(GIVEN DATA begins)
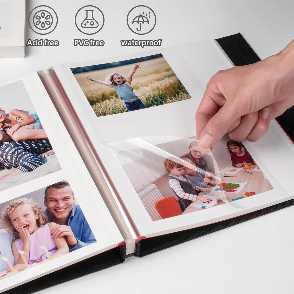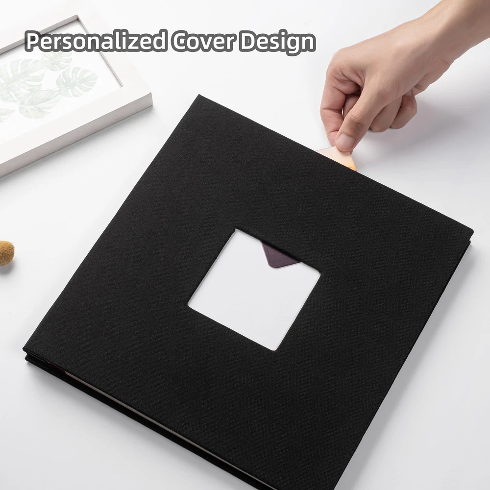 Photo Album Self Adhesive Scrapbook Album for 4×6 Pictures DIY Magnetic Linen Cover Album 15 Sheets/30 Blank Pages for Family Wedding, Birthday, Christmas, Anniversary Gifts(Black) Linen Photo Album
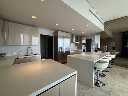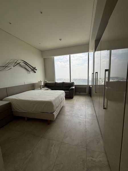 Departamento en el piso 52, amueblado y equipado,255.60 m² de interiores,3 recámaras, incluyendo una principal con vestidor y baño.
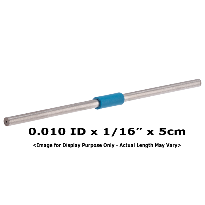 Tubing, Stainless Steel, Pre-Cut, 0.010 inch (0.25 mm) ID, 1/16 inch (1.60 mm) OD, HPLC grade, blue band, 5 cm long. ARE-Applied Research brand. 1 EA.
(GIVEN DATA ends)
Leave out the images and write out the listing above exactly.

 Photo Album Self Adhesive Scrapbook Album for 4×6 Pictures DIY Magnetic Linen Cover Album 15 Sheets/30 Blank Pages for Family Wedding, Birthday, Christmas, Anniversary Gifts(Black) Linen Photo Album
 Departamento en el piso 52, amueblado y equipado,255.60 m² de interiores,3 recámaras, incluyendo una principal con vestidor y baño.
 Tubing, Stainless Steel, Pre-Cut, 0.010 inch (0.25 mm) ID, 1/16 inch (1.60 mm) OD, HPLC grade, blue band, 5 cm long. ARE-Applied Research brand. 1 EA.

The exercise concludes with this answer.